Zwischen Teich und Zaun entsteht noch ein Filtergraben aus zehn 90-Liter-Mörtelkübeln, welche mit echtem __ Schilf bepflanzt und von der Pumpe mitversorgt werden.
Mein eigentlicher Filter besteht aus zwei 200-Liter-Regentonnen. Die erste ist mit Filterbürsten und Schaumstoff und die zweite mit Lavasteinen gefüllt. Die Pumpe hat eine Leistung von etwa 10000l/h.
Das soll es erst mal gewesen sein. Neue Bilder folgen…


----------



## Mops (12. Juli 2011)

*AW: Hallo aus der Lüneburger Heide*

Hallo,

Gruß zurück aus der Lüneburger Heide . Schicker Teich. 

Gruß
Mops


----------



## Tomke (12. Juli 2011)

*AW: Hallo aus der Lüneburger Heide*

Hallo von der Nordsee!

Sehr schöner Teich! Wenn die Pflanzen sich dann so richtig breitgemacht haben, sieht´s bestimmt irre aus. Hätte ich auch gerne...

LG, Heike


----------



## Eva-Maria (12. Juli 2011)

*AW: Hallo aus der Lüneburger Heide*

Hallo Ronny,
herzlich willkommen hier bei den Teichverrückten.
Jetzt sind wir schon "3 Heidjer" hier
Dein Teich schaut bereits klasse aus,
viel Freude bei der weiteren Gestaltung.


----------



## jolantha (12. Juli 2011)

*AW: Hallo aus der Lüneburger Heide*

Hallo Ronny,
nicht ganz Lüneburger Heide, aber am " Rand " davon 
Da warst Du aber wirklich fleißig, zeig mal weiter Deine Fortschritte !!


----------



## neuemmendorfer (12. Juli 2011)

*AW: Hallo aus der Lüneburger Heide*

Danke für die nette Begrüßung! Logisch werde ich Euch auf dem laufenden halten.


----------



## David K. (13. Juli 2011)

*AW: Hallo aus der Lüneburger Heide*

Moin Ronny,

eine schöne Größe hat der Teich! Bin gespannt wie der sich entwickelt. Da es bei euch in der Lüneburger Heide im Schnitt ziemlichb kalt ist  geht ich mal davon aus, dass du eher Fische halten willst als zu schwimmen?

Gruß aus Bremen,
David


----------



## neuemmendorfer (13. Juli 2011)

*AW: Hallo aus der Lüneburger Heide*

Der Teich gehört den Fischen. Badegewässer haben wir hier genug. Ich war nur einmal drin um die riesige Seerose zu versenken.

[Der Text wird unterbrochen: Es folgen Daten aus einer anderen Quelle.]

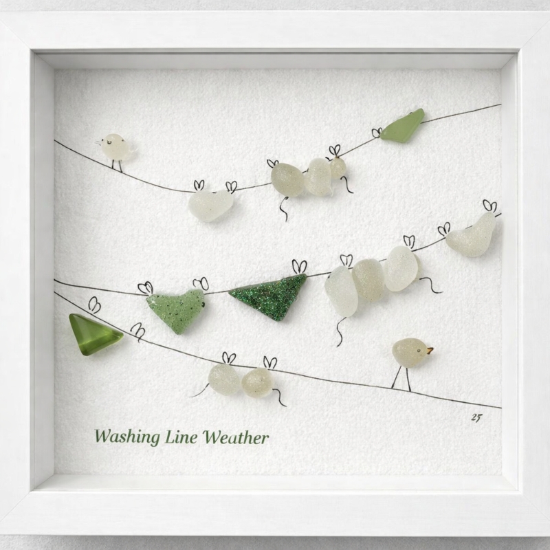 Add a touch of charm and gentle humour to your space with this handcrafted sea glass artwork, “Washing Line Weather.” Inspired by everyday outdoor moments, this piece captures a whimsical scene of birds perched along washing lines, surrounded by freshly hung laundry—including tiny sea glass “garments” that bring a playful twist to the design.
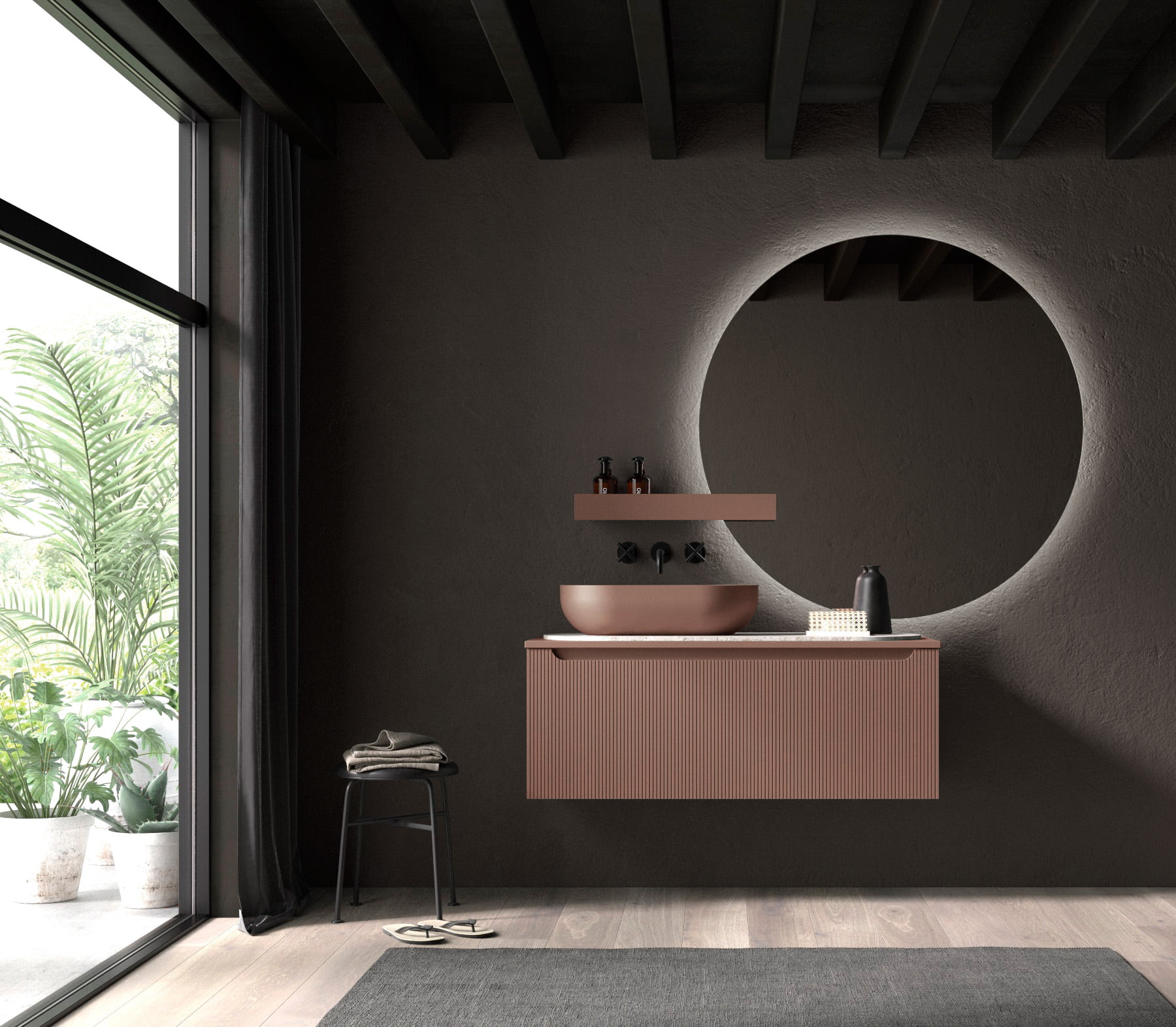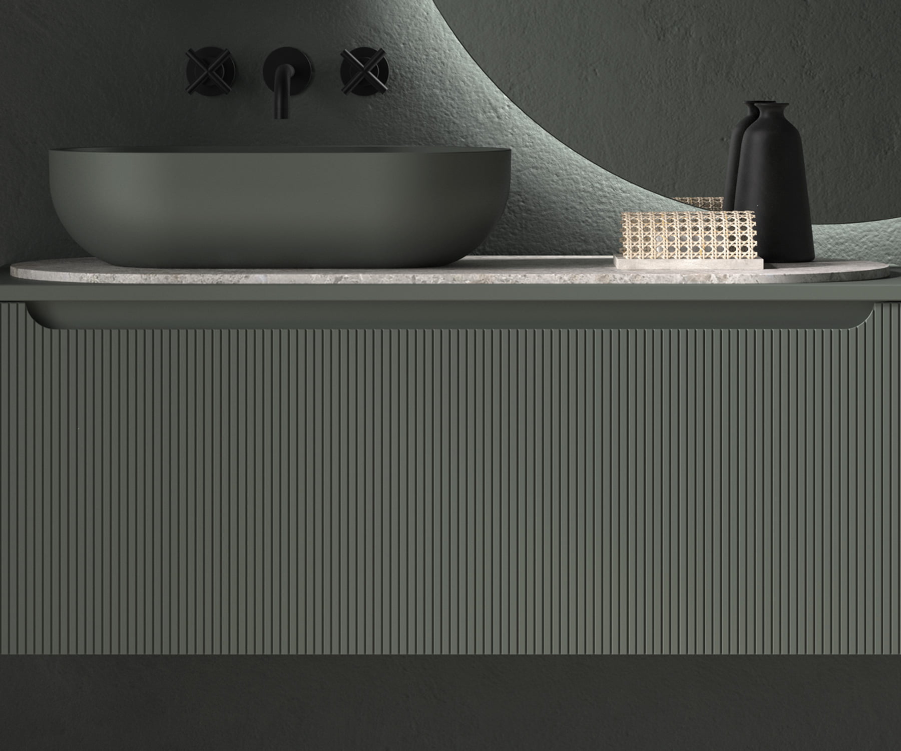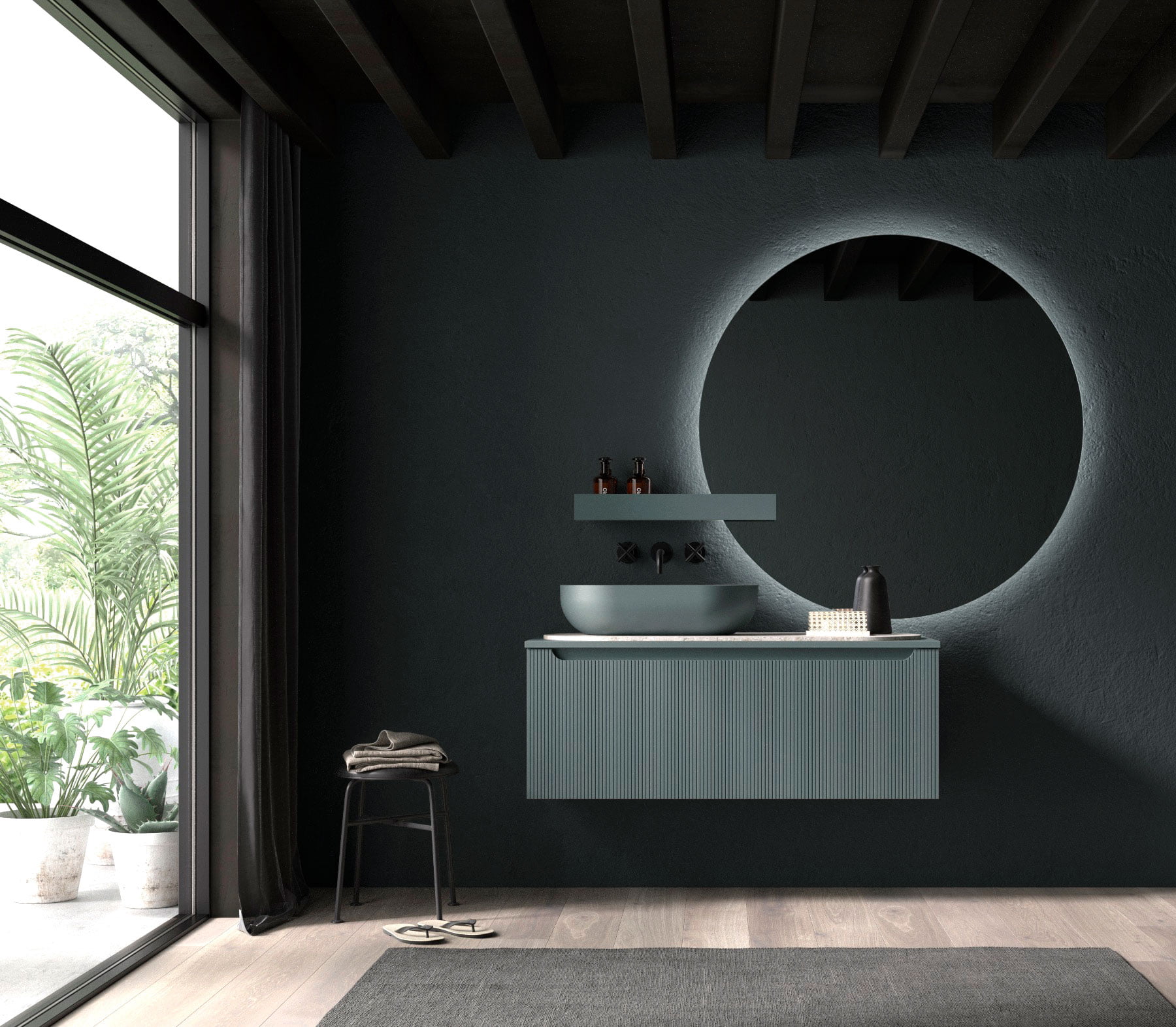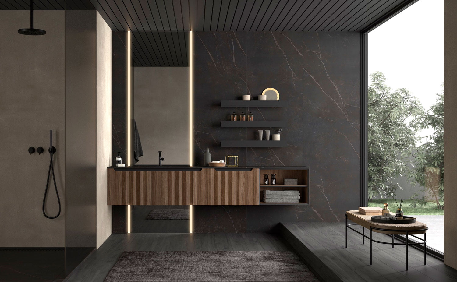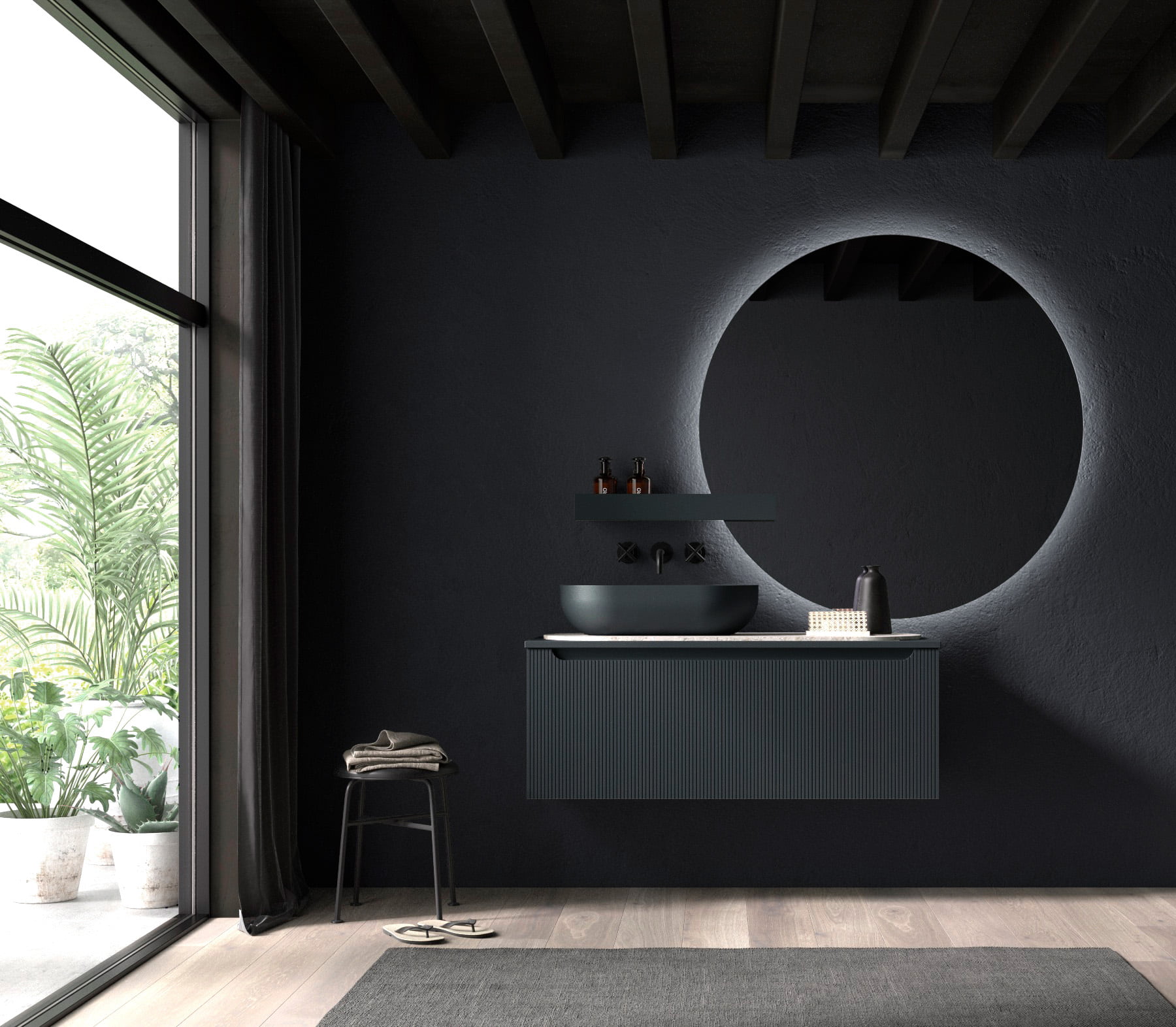 La nueva colección Kimono presenta un diseño de frente acanalado en laca y en chapa natural de nogal americano sobre fibra de color negro. Una colección de exquisita fabricación repleta de detalles que la hacen única. Uñero biselado que permite visualizar la barra color carbón a juego con los cantos de fibra negra de la estantería suspendida abierta; nuevo cajón interior compatible con encimeras planas y de faldón, opción de iluminación led interior para cajones sin necesidad de tomas eléctricas, MAT, nuevo elemento decorativo de lavabos y protector de tapas…
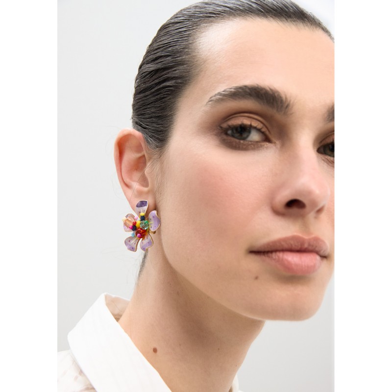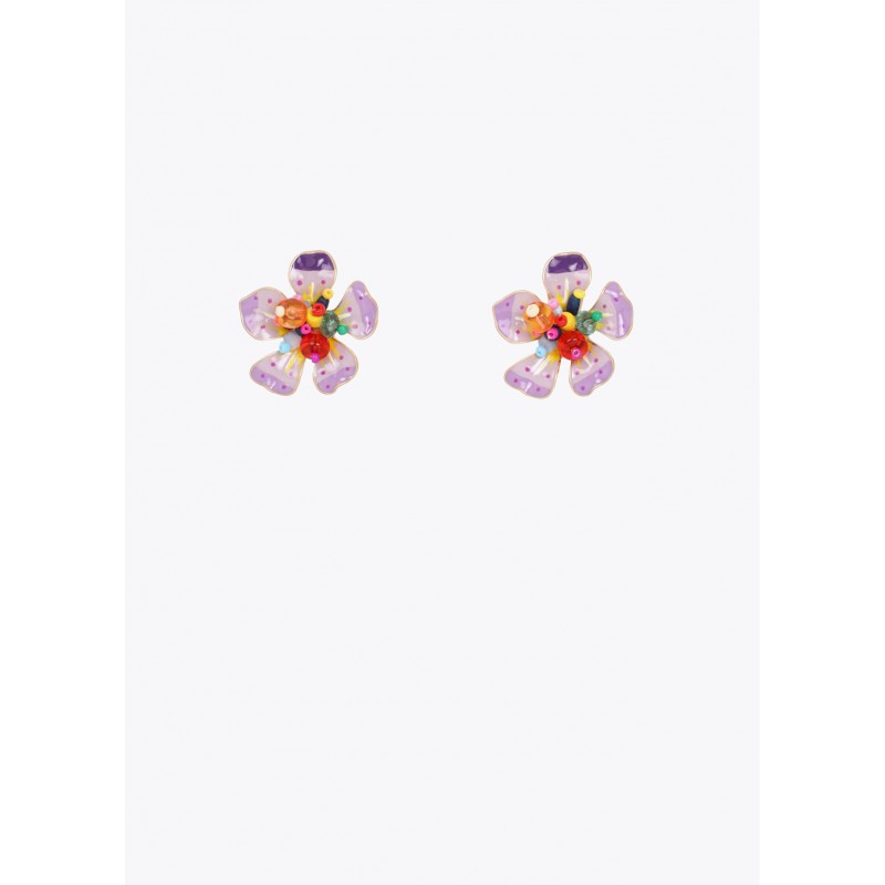 Pendientes llamativos con diseño de flor lacada y abalorios multicolor. Elaborados con materiales de alta calidad para un estilo vibrante. Cierre de presión seguro. Perfectos para dar un toque especial a cualquier atuendo.
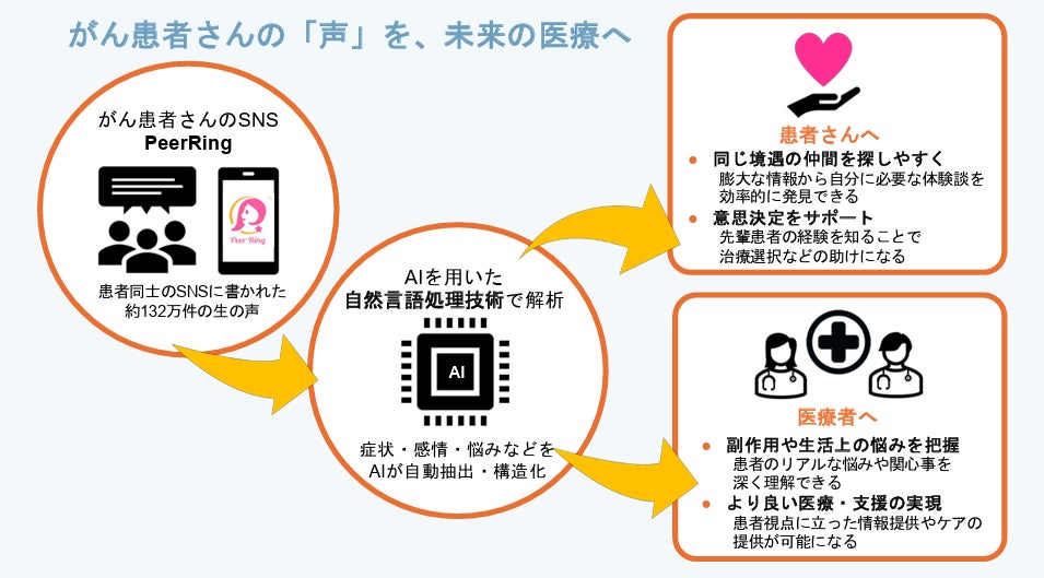 当社は、がん患者向けコミュニティ型SNS「Peer Ringピアリング」の運営を通じて蓄積された患者の声を研究基盤として提供し、学術的に信頼性のある解析を支える役割を担います。患者体験を科学的に整理・分析することで、医療現場や社会に還元可能な知見を創出し、ピアサポート活動を行う一般社団法人ピアリングとともに、がん患者支援の新たな可能性を拓きます。
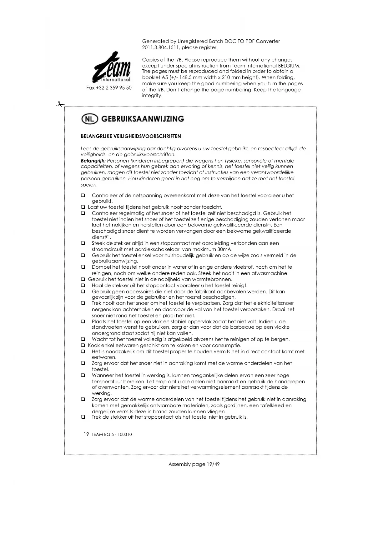 Download de handleiding voor uw Barbecue in PDF-formaat gratis! Vind uw handleiding BG 5 - TEAM en neem uw elektronisch apparaat weer in handen. Op deze pagina staan alle documenten die nodig zijn voor het gebruik van uw apparaat. BG 5 van het merk TEAM.
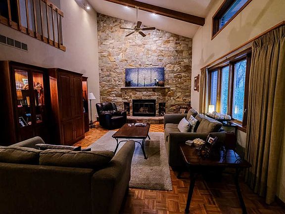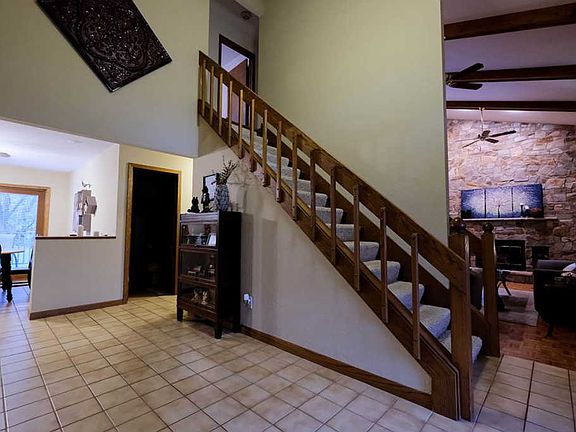 Must See!! This 5 br house is located on a beautiful wooded lot w/lg deck overlooking private backyard w/many mature oak trees, 3 varieties apple trees, peach tree & garden plot! Walk into lg foyer w/staircase leading to loft that overlooks bright, great room boasting floor to ceiling stone fireplace. Also features 1st floor master bedroom w/custom closet & full bathroom, formal dining rm, lg kitchen with an abundance of cabinets, island w/elec stove top, & large eat-in kitchen space! Marvelous LL roughed in for a bath, w/family rm, rec rm and full walkout to patio. Circle drive w/ additional parking pad. Very low heating & cooling bills, new water heater 2016. Bring your buyers!
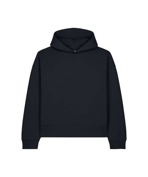 Unisex recycled cotton boxy hoodie. Set-in sleeves. Double-layered hood in self-fabric. 1x1 rib at sleeve cuffs and hem. Twin-needle topstitching on seams at shoulders, armholes, sleeve cuffs and hem. Inside herringbone back neck tape. Self-fabric half-moon at the back neck. Contains 50% GRS-certified recycled cotton and 50% OCS-certified organic cotton, certified by Control Union CB-CUC-1393082.
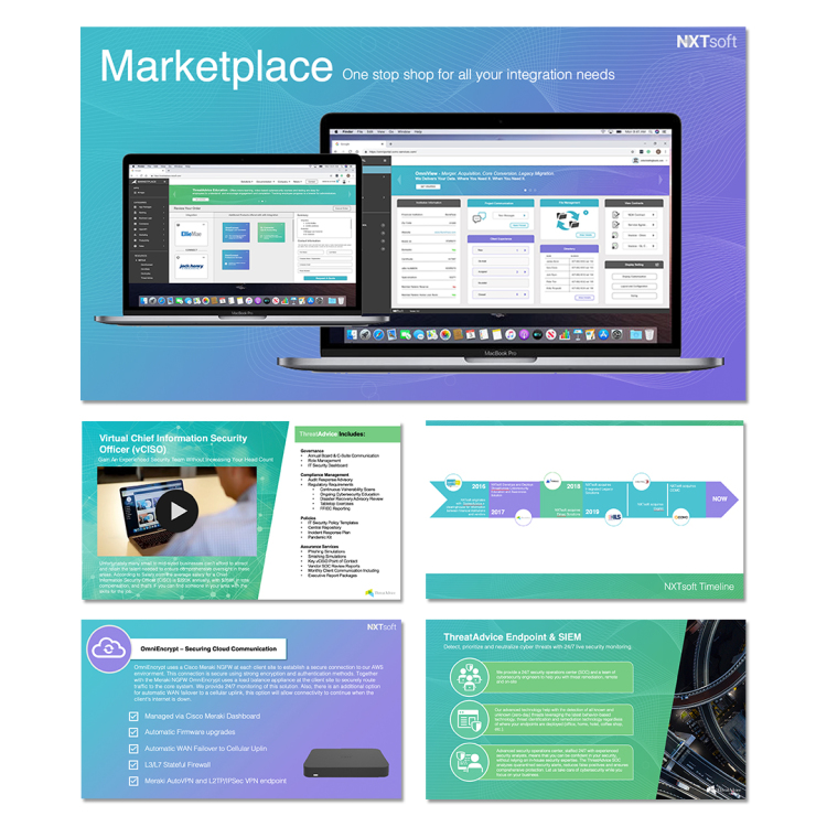 This project was a significant time investment. The goal was to create a PowerPoint presentation that offered a company overview while providing an understanding of the more granular scope and breadth of NXTsoft's work. Utilizing the PowerPoint zoom tool and advanced animation techniques, I was able to design a presentation that was not only informative but also fit in with the technology-forward image the company was striving for.
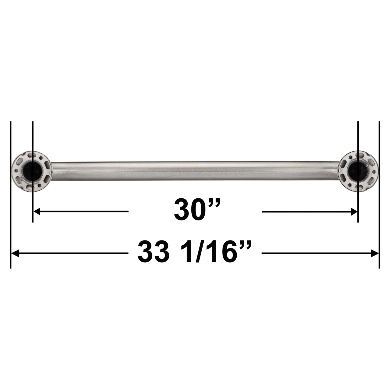 33 1/6 Inches Overall Length; 30 Inches Long Measured Center To Center Of Mounting Brackets; 1 1/2 Inch Diameter, 18 Gauge Tube; ADA Compliant When Properly Installed Into Wall Studs; Ships With Stainless Steel Mounting Bolts; Install Grab Bars In Minutes With Harney Hardware Grab Bar Mounting Brackets (Product #71832 Sold Separately. Please Read Product Limitations Before Use.); Fabricated With Stainless Steel; Satin Stainless Steel Finish.

Grün-weiße Grüße nach Bremen


----------



## grille (13. Juli 2011)

*AW: Hallo aus der Lüneburger Heide*

Hallo,
die Größe deines Teiches ist beeindruckend,das wäre ein Wunschtraum.Du hast ja richtig viel geleistet.Gratuliere.
Welche Fische willst du halten?
Ich wünsche dir noch viel Freude mit deinem Teich und freue mich schon auf weitere Bilder.
LG grille


----------



## Zuckerschniss (13. Juli 2011)

*AW: Hallo aus der Lüneburger Heide*

Hallo Ronny,
auch von der Deutsch/Französischen Grenze ein Herzliches
:Willkommen2
200 m² Teich, das ist ne Hausnummer. Hast Du den Aushub komplett verteilen können?
Dein Teich sieht toll aus. Schöne Anlage.


----------



## neuemmendorfer (13. Juli 2011)

*AW: Hallo aus der Lüneburger Heide*

Danke! 200m² ist nicht ganz korrekt. Ist das Folienmaß. Sind dann wohl eher 150m² Wasserfläche...
Den Aushub habe ich komplett verteilt bekommen. Zum einen für Wall und für den Bachlauf, zum anderen habe ich hinter dem Wall (hintere Seite des Teiches) auf etwa 10m Breite eine schiefe Ebene gemacht. Quasi von der Spitze des Walls in einer Ebene bis zur Grasoberfläche und das ganze auslaufend bis zu 10m hinter den Wall. Hoffe es ist verständlich, was ich meine.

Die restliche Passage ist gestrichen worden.